[Stored records]
_ _ _ _
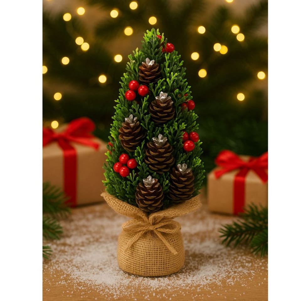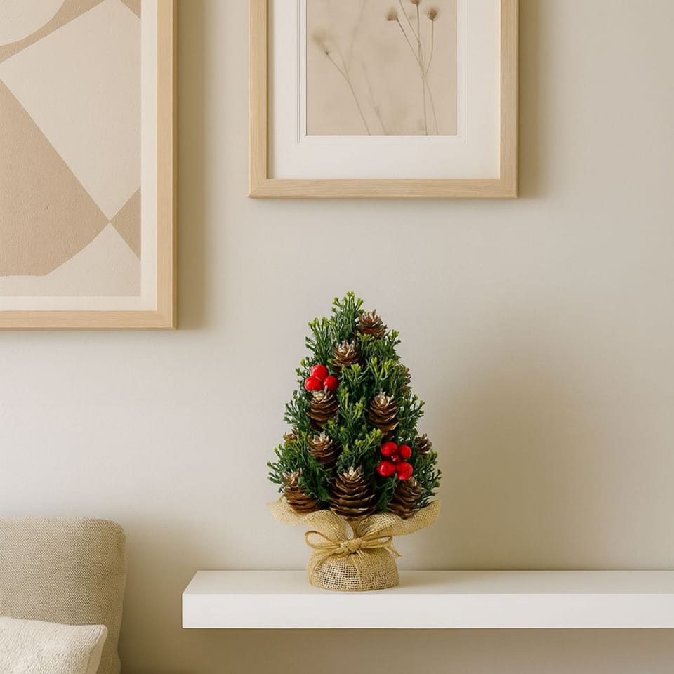 Mini choinka świąteczna to urocza dekoracja, która doskonale wprowadza świąteczny klimat do każdego wnętrza. Została wykonana z dbałością o szczegóły – gęste, zielone gałązki ozdobione są błyszczącymi szyszkami oraz czerwoną jarzębiną, która nadaje całości eleganckiego i naturalnego wyglądu. To idealna propozycja na biurko, komodę, stół, ladę sklepową czy jako element dekoracji świątecznej w salonie, kuchni lub biurze.
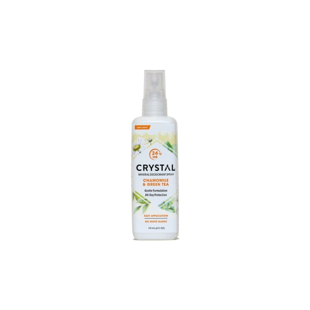 Crystal DeodorantTM KAMILICA in ZELENI ČAJ, vsebuje naravne mineralne soli ter navdaja z vabljivo naravno aromo kamilice in zelenega čaja. Preprečuje nastanek neprijetnega vonja, ki ga povzročijo bakterije pri razgradnji potu na površini kože. Prijetno osveži in ne preobremeni čutil.
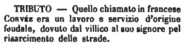| Tributo - Quello chiamato in francese Corvée era un lavoro e servizio d'origine feudale, dovuto dal villico al suo signore pel risarcimento delle strade. [immagine] |
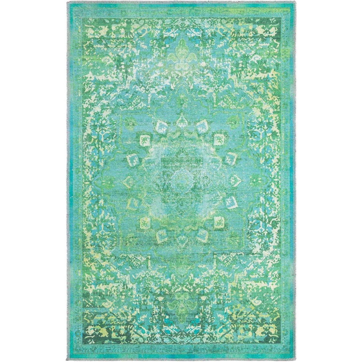 Timeless looks on washable rugs; whats not to love? With bright contemporary colors and tribal-inspired medallion designs, the Renaissance Collection brings home worldly design in a low-maintenance package. Durable modern materials and a cotton backing mean cleaning is as easy as throwing it in the washing machine! The printed traditional designs are available in bold colors ranging from dark blacks and blues to bright greens and pinks blend together like tie-dye, giving you lots of options. A subtle abrash gives the rugs a casual, distressed look perfect for bohemian and shabby-chic decor.
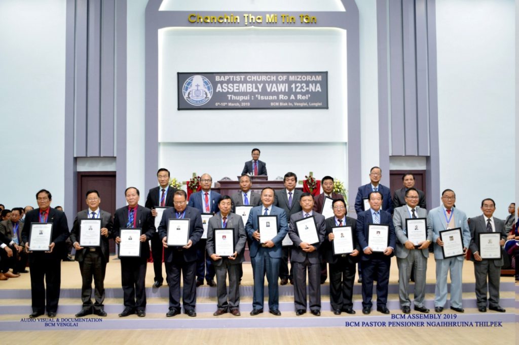 Inkhawmpui tawp zanah hian BCM Pastor, Pension-a chhuakte hnenah ngaihhruihna thu ziak (Citation) hlan an ni a, Pastor Pensioner 19 laiin a hmunah hian an rawn dawng thei a ni.
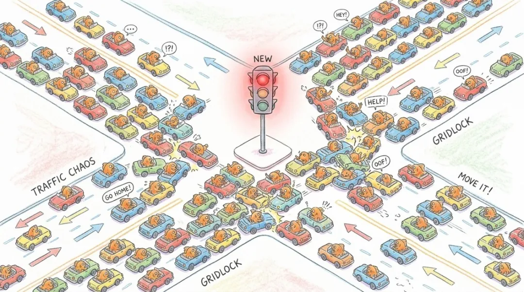 这就好比在混乱的十字路口强行装上了红绿灯,用无情的物理状态机死死压制住了个体的盲目性。
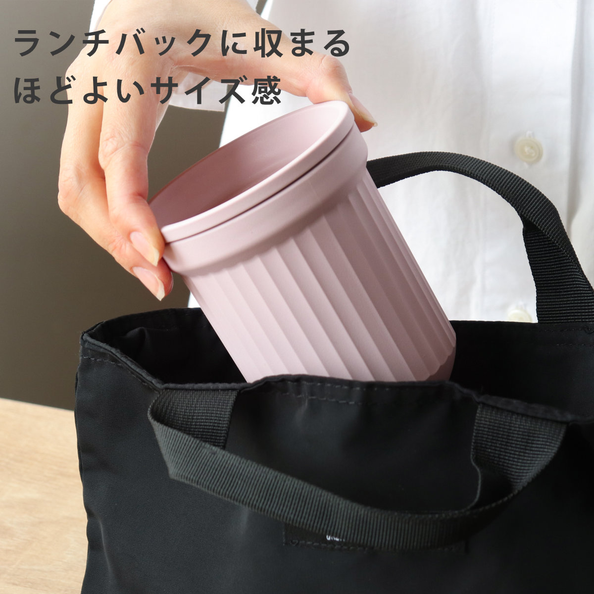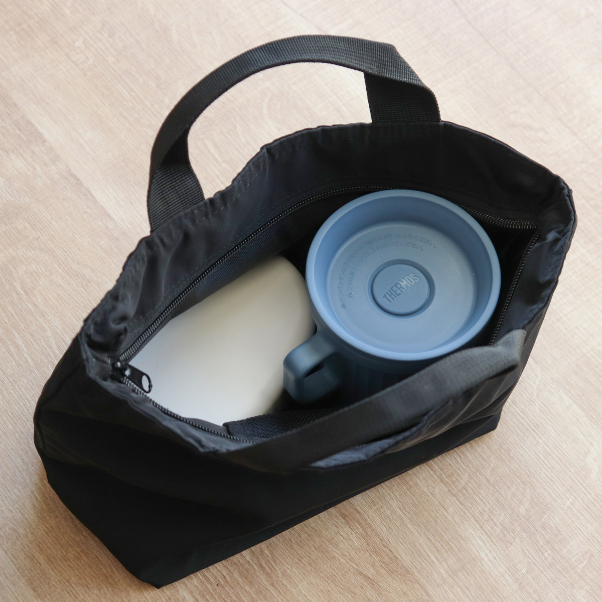 ランチバッグに収まるサイズ感です。マグ単体はもちろん、お弁当箱と一緒にバッグに入れて持ち歩くこともできます。
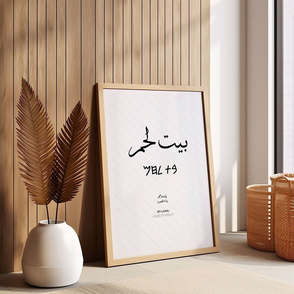 Perfect for those seeking meaningful Islamic wall art, Arabic typography, or heritage-inspired decor, this print is designed to create a focal point of quiet strength. The clean, monochrome aesthetic against a subtly patterned background allows the intricate linework of the calligraphy to take centre stage, making it a versatile addition to a living room, hallway, or creative studio. Whether you have personal roots in Bethlehem (بيت لحم), Palestine (فلسطين) or simply admire the rich tapestry of Middle Eastern history, this artwork brings a sense of grounded identity and timeless beauty to your space.
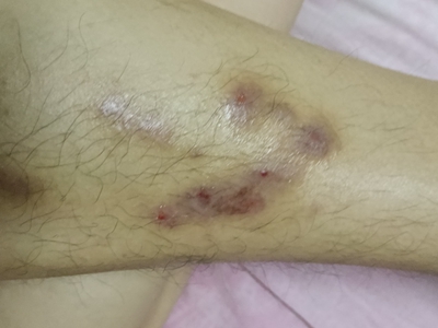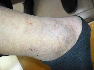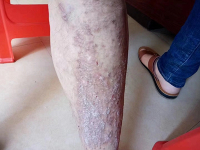 慢性湿疹患者下肢及脚踝部位有大面积苔藓样斑块,斑块表面有灰白色结痂,局部皮肤粗糙肥厚,部分结痂脱落伴有渗液症状,患者自觉有瘙痒等症状。
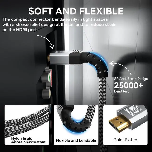 [TRUE 8K VIDEO & LOSSLESS eARC AUDIO]Supports 8K@60Hz and up to 10K resolution with Dynamic HDR and 12-bit color for sharper detail and richer contrast on OLED and QLED TVs. HDMI 2.1 eARC enables high-bitrate Dolby Atmos and DTS:X audio passthrough to AV receivers and soundbars without compression or delay.
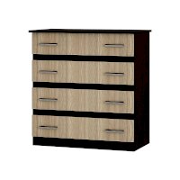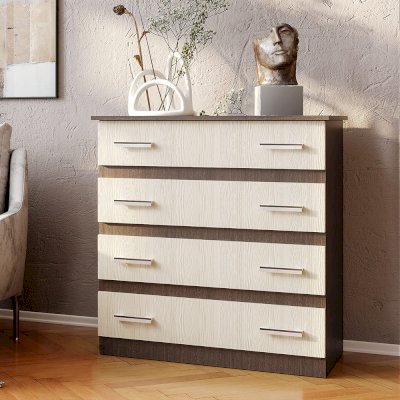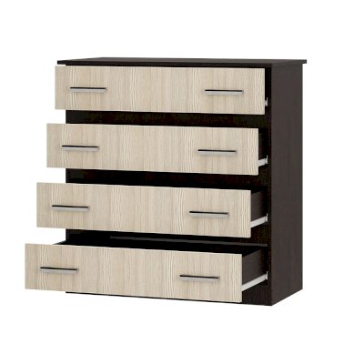 Классическая модель комода Стандарт №6 выполнена из ЛДСП высокого качества. В корпусе используется цвет венге, а фасады выполнены в цвете лоредо. Комод состоит из четырех выдвижных ящиков, на каждом из которых расположены две ручки. Модель Стандарт №6 выделяется увеличенной столешницей, выходящей за границы корпуса.
_ _ _ _
▶ **Your objective**:
Set the pictures aside and reproduce exactly the lines above, from the line holding "strade. [immagine] |" through the line holding "ランチバッグに収まるサイズ感", both included, with nothing else.

▶ **Answer section**:
| Tributo - Quello chiamato in francese Corvée era un lavoro e servizio d'origine feudale, dovuto dal villico al suo signore pel risarcimento delle strade. [immagine] |
 Timeless looks on washable rugs; whats not to love? With bright contemporary colors and tribal-inspired medallion designs, the Renaissance Collection brings home worldly design in a low-maintenance package. Durable modern materials and a cotton backing mean cleaning is as easy as throwing it in the washing machine! The printed traditional designs are available in bold colors ranging from dark blacks and blues to bright greens and pinks blend together like tie-dye, giving you lots of options. A subtle abrash gives the rugs a casual, distressed look perfect for bohemian and shabby-chic decor.
 Inkhawmpui tawp zanah hian BCM Pastor, Pension-a chhuakte hnenah ngaihhruihna thu ziak (Citation) hlan an ni a, Pastor Pensioner 19 laiin a hmunah hian an rawn dawng thei a ni.
 这就好比在混乱的十字路口强行装上了红绿灯,用无情的物理状态机死死压制住了个体的盲目性。
 ランチバッグに収まるサイズ感です。マグ単体はもちろん、お弁当箱と一緒にバッグに入れて持ち歩くこともできます。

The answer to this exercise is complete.